## SUPPLIED DATA:
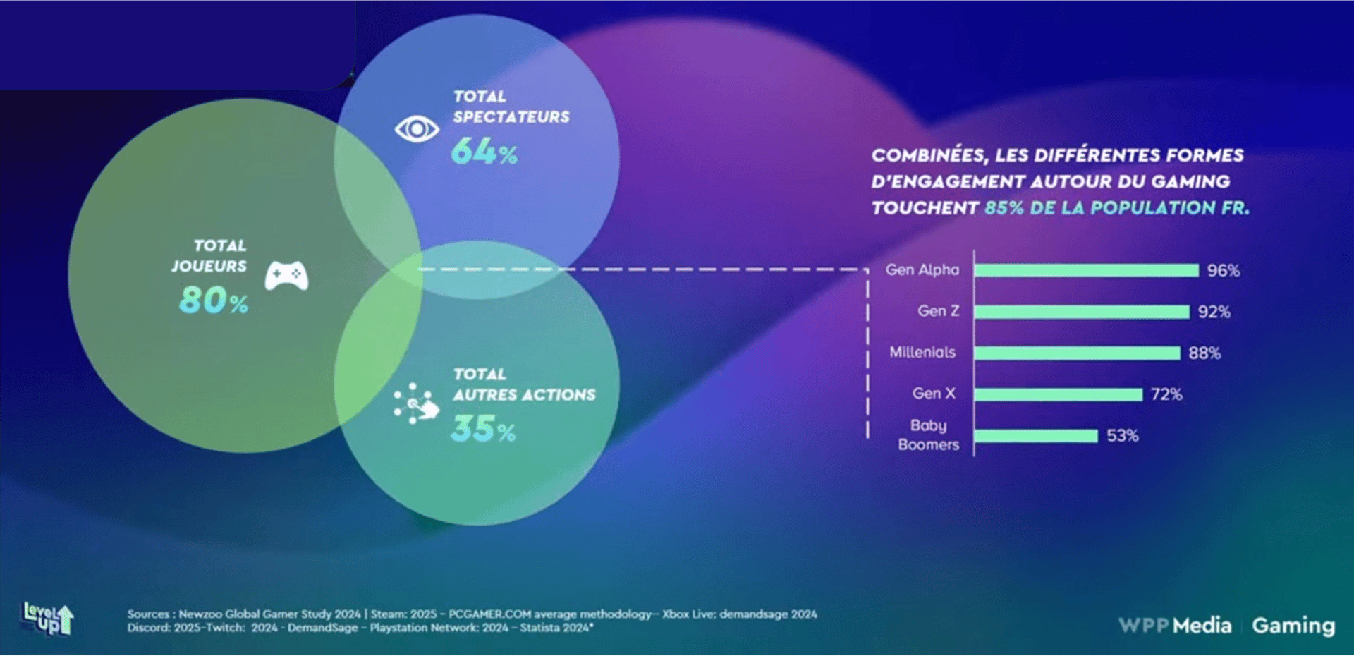 De son cĂŽtĂ© WPPMedia Gaming, lors dâune confĂ©rence la semaine derniĂšre, rĂ©vĂšle Ă©galement l'extraordinaire portĂ©e du jeu vidĂ©o en France, et confirme sa place de mĂ©dia de masse incontournable. L'Ă©cosystĂšme du gaming touche dĂ©sormais 85% de la population, affichant une pĂ©nĂ©tration dĂ©mographique massive et intergĂ©nĂ©rationnelle.
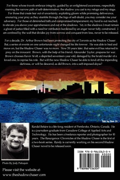 For a decade, Dr. Arthur Brown had been protecting the city of Toronto as the Shadow Chaser. But, a series of events on one unfortunate night changed his life forever. He was able to heal and move on, but the Shadow Chaser was no more. Now 20 years later, that same evil has returned to prey on the innocent. Brown, with the help of his friend, Alexander Taylor, prepares for war. Brown chooses Kevin Wolf, a dispirited seventeen-year-old, damaged by the brutal murder of a loved one, to reprise his role. But will the new Shadow Chaser be able to fend off the impending darkness, or will he descend, as did Brown, into a self-imposed abyss?
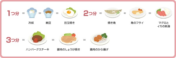 このエネルギー量を摂取する上で必要な食事量としては、以下のとおりです。
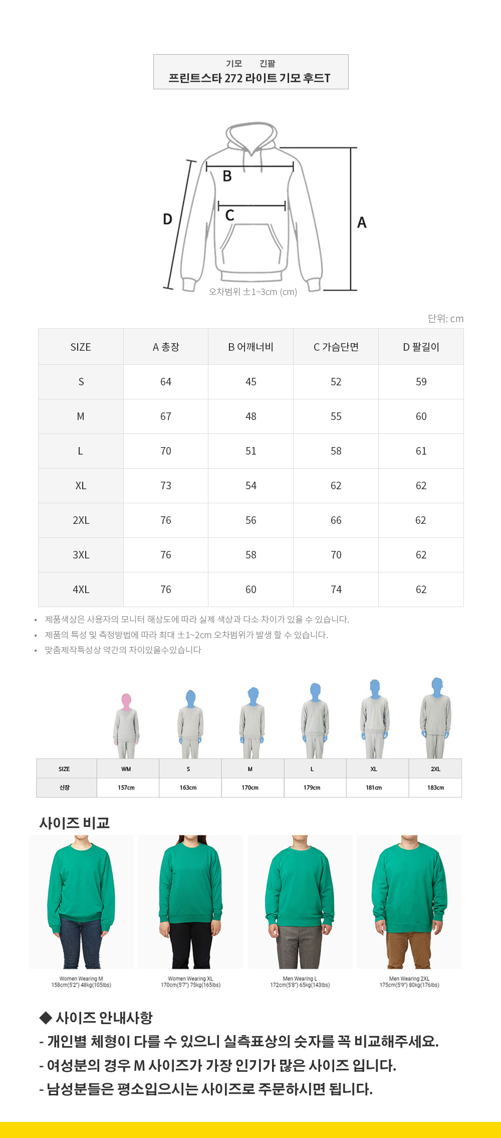 제작과정 및 측정자에 따라 1~2cm의 오차가 발생할 수 있으며, 이와 같은 경우에는 제품불량기준에 해당하지 않을 수 있는 점 양해 부탁드립니다.

## ACTIVITY:
Starting with the line that contains "このエネルギー量を摂取する上で必要な食事量としては、以下のとおりです。", copy every line word for word through the end of the listing above, but leave out the pictures.

## TASK ANSWER:
 このエネルギー量を摂取する上で必要な食事量としては、以下のとおりです。
 제작과정 및 측정자에 따라 1~2cm의 오차가 발생할 수 있으며, 이와 같은 경우에는 제품불량기준에 해당하지 않을 수 있는 점 양해 부탁드립니다.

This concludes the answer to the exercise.